* **WHAT THE TASK ASKS**: Transcribe the entries exactly. Omit the pictures.
★ ★ ★ ★ ★ ★ ★
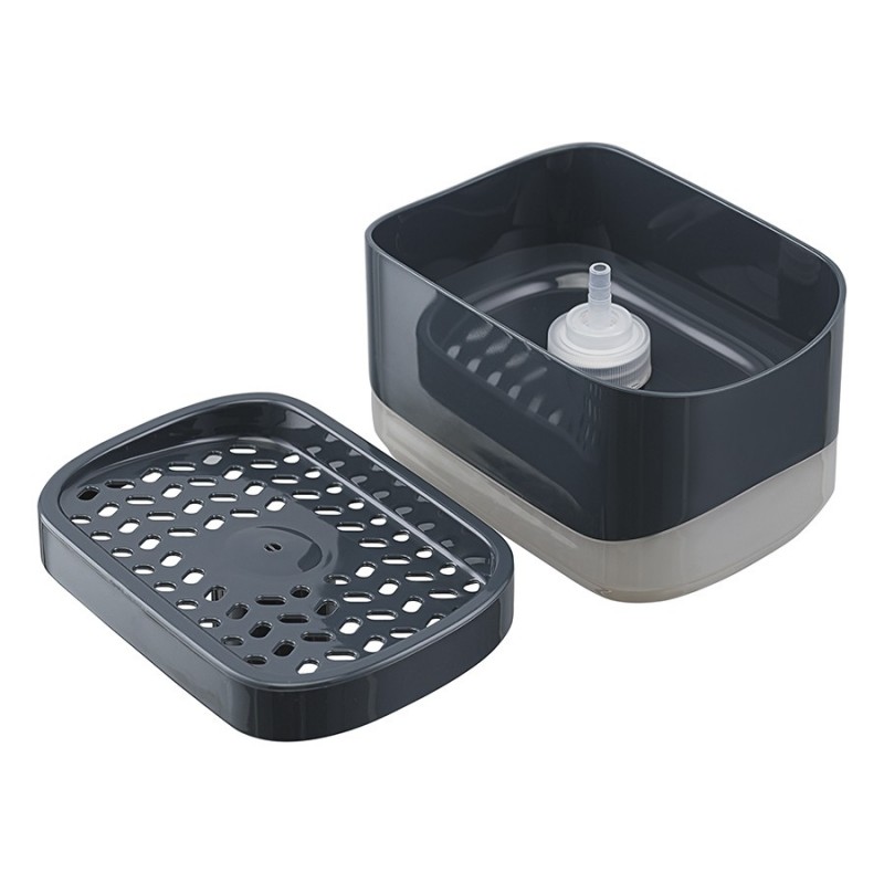 Диспенсер для жидкости для мытья посуды Nori имеет оригинальный дизайн в виде мыльницы и компактные размеры, благодаря чему занимает минимум места на раковине. Использование данного устройства позволяет навести порядок на кухне, убрав со столешницы бутылки с моющими средствами, а также исключив появление застойных мыльных разводов на прилегающих поверхностях. Конструкция с эргономичным дизайном обеспечивает удобное хранение губки в приподнятом состоянии для быстрого высыхания. Оставшаяся вода стекает в специальный поддон. Диспенсер простой в эксплуатации. Для получения мыльной пены достаточно слегка нажать на основание. Изделие легко разбирается для тщательной очистки.Материалы: АБС-пластик, термопластичная резина, полипропилен, нержавеющая сталь. Размеры: 14х9,8х8,3 см. Объем: 350 мл.Можно мыть вручную и в посудомоечной машине.
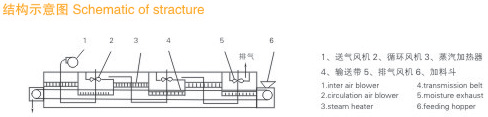 物料由加料器均勻地鋪在網帶上,網帶一般采用12-60目不銹鋼絲網,由傳動裝置拖動在干燥機內移動。干燥機由若干單元組成,每一單元熱風獨立循環,部分尾氣由專門排濕風機排出,廢氣由調節閥控制,熱氣由下往上或由上往下穿過鋪滿物料的網帶完成熱量與質量傳遞的進程,帶走物料水份。網帶緩慢移動,運行速度可根據物料溫度自由調節,干燥后的成品連續落入收料器中。上下循環單元根據用戶需要可靈活配備,單元數量亦可根據需要選取。
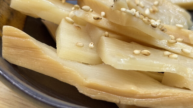 昔はシナチクと呼ばれていた。メンマにはなんか知らないけどふやけたグニョットして白いアスパラみたいな臭いがするやつと言うイメージがあってあんまり食べたいような食べ物でも無かったけど、ちょっと前にここで食べたら美味しい感じがしたので再注文。ザーサイのようななかなかしっかりした歯ごたえで味もいい感じ。マスターと、竹を食べるだなんて中国人の発想はすごいよね、パンダの仲間かよ、でもこれで食糧危機もへっちゃらだ、なんて話をしながら。
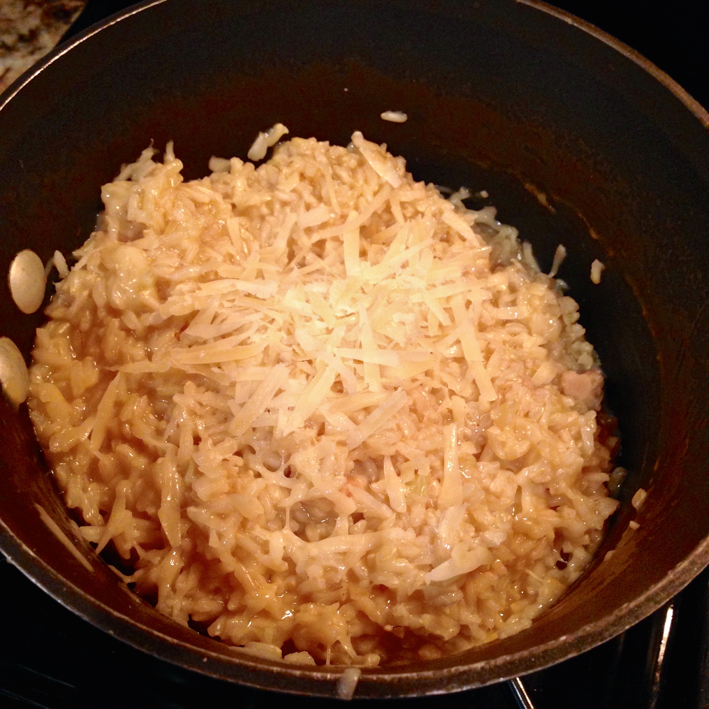 also, fake risotto. ha. i was in the midst of cooking up some brown rice (half water, half chicken broth), when i decided it needed to be more (Spy is not a fan of plain old rice). so just before it was all done, i added half a can of cream of chicken soup (i was out of mushroom, which was the first choice) and about an ounce of shredded Parmesan. it turned out super creamy and delicious. i would just maybe cook the rice in the broth about 10 minutes longer next time to make it softer.
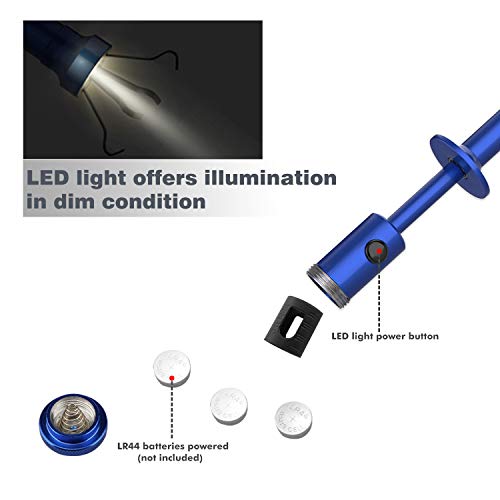- LED LIGHTS(Batteries NOT Included): Comes with LED lights at the handle which are controlled by a black switch button, it increases brightness in dark light. And the LED lighting is powered by 3 x LR44 batteries (NOT included).
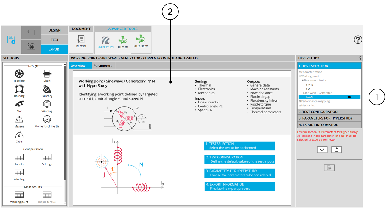 | 1 | Selection of a test to be performed by HyperStudy® |
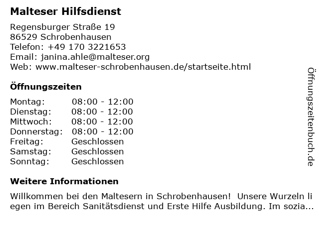 | Öffnungszeiten Malteser Hilfsdienst in Schrobenhausen anzeigen | |
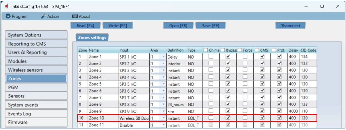 - Check that the sensors are correctly assigned to the “Zones” and “Areas” of the control panel (“Zones” window).
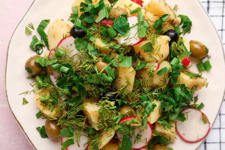 Plate of tasty Potato Salad with greens and radish on pink tile background
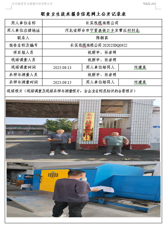 2025年长实线缆有限公司定期检测
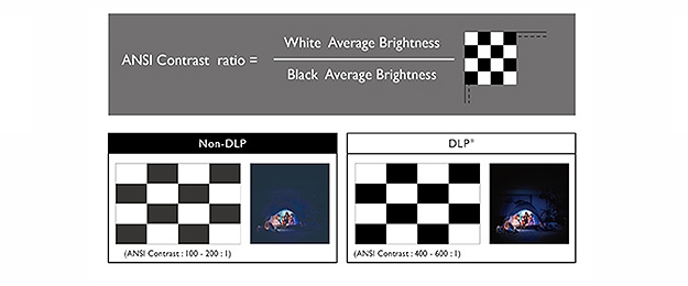 Contrast Ratio (FOFO) : 10000:1 Display Color (ANSI) : 500:1 |
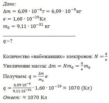 В результате электризации масса металлического шарика увеличилась на m=3,84*10^-6 г . Какой заряд приобрел шар? Масса одного электрона m0= 9,11* 10^-31 кг (Ответ округли до целого значения.)
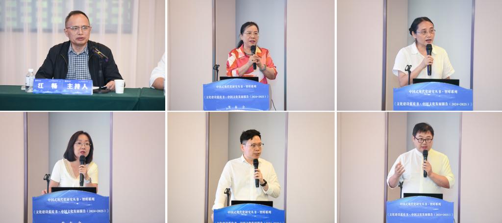 发布会现场,研创团队代表,分别围绕文化建设蓝皮书总报告、中国文化国际传播与影响力、中国文化产业发展、长江经济带文旅产业高质量发展效率测算与策略研究、中国文化发展满意度调查:社会公众的认同与评价分析等,介绍了相关研究过程与成果。
★ ★ ★ ★ ★ ★ ★
* **RESPONSE TO THE TASK**:
 Диспенсер для жидкости для мытья посуды Nori имеет оригинальный дизайн в виде мыльницы и компактные размеры, благодаря чему занимает минимум места на раковине. Использование данного устройства позволяет навести порядок на кухне, убрав со столешницы бутылки с моющими средствами, а также исключив появление застойных мыльных разводов на прилегающих поверхностях. Конструкция с эргономичным дизайном обеспечивает удобное хранение губки в приподнятом состоянии для быстрого высыхания. Оставшаяся вода стекает в специальный поддон. Диспенсер простой в эксплуатации. Для получения мыльной пены достаточно слегка нажать на основание. Изделие легко разбирается для тщательной очистки.Материалы: АБС-пластик, термопластичная резина, полипропилен, нержавеющая сталь. Размеры: 14х9,8х8,3 см. Объем: 350 мл.Можно мыть вручную и в посудомоечной машине.
 物料由加料器均勻地鋪在網帶上,網帶一般采用12-60目不銹鋼絲網,由傳動裝置拖動在干燥機內移動。干燥機由若干單元組成,每一單元熱風獨立循環,部分尾氣由專門排濕風機排出,廢氣由調節閥控制,熱氣由下往上或由上往下穿過鋪滿物料的網帶完成熱量與質量傳遞的進程,帶走物料水份。網帶緩慢移動,運行速度可根據物料溫度自由調節,干燥后的成品連續落入收料器中。上下循環單元根據用戶需要可靈活配備,單元數量亦可根據需要選取。
 昔はシナチクと呼ばれていた。メンマにはなんか知らないけどふやけたグニョットして白いアスパラみたいな臭いがするやつと言うイメージがあってあんまり食べたいような食べ物でも無かったけど、ちょっと前にここで食べたら美味しい感じがしたので再注文。ザーサイのようななかなかしっかりした歯ごたえで味もいい感じ。マスターと、竹を食べるだなんて中国人の発想はすごいよね、パンダの仲間かよ、でもこれで食糧危機もへっちゃらだ、なんて話をしながら。
 also, fake risotto. ha. i was in the midst of cooking up some brown rice (half water, half chicken broth), when i decided it needed to be more (Spy is not a fan of plain old rice). so just before it was all done, i added half a can of cream of chicken soup (i was out of mushroom, which was the first choice) and about an ounce of shredded Parmesan. it turned out super creamy and delicious. i would just maybe cook the rice in the broth about 10 minutes longer next time to make it softer.
- LED LIGHTS(Batteries NOT Included): Comes with LED lights at the handle which are controlled by a black switch button, it increases brightness in dark light. And the LED lighting is powered by 3 x LR44 batteries (NOT included).
 | 1 | Selection of a test to be performed by HyperStudy® |
 | Öffnungszeiten Malteser Hilfsdienst in Schrobenhausen anzeigen | |
 - Check that the sensors are correctly assigned to the “Zones” and “Areas” of the control panel (“Zones” window).
 Plate of tasty Potato Salad with greens and radish on pink tile background
 2025年长实线缆有限公司定期检测
 Contrast Ratio (FOFO) : 10000:1 Display Color (ANSI) : 500:1 |
 В результате электризации масса металлического шарика увеличилась на m=3,84*10^-6 г . Какой заряд приобрел шар? Масса одного электрона m0= 9,11* 10^-31 кг (Ответ округли до целого значения.)
 发布会现场,研创团队代表,分别围绕文化建设蓝皮书总报告、中国文化国际传播与影响力、中国文化产业发展、长江经济带文旅产业高质量发展效率测算与策略研究、中国文化发展满意度调查:社会公众的认同与评价分析等,介绍了相关研究过程与成果。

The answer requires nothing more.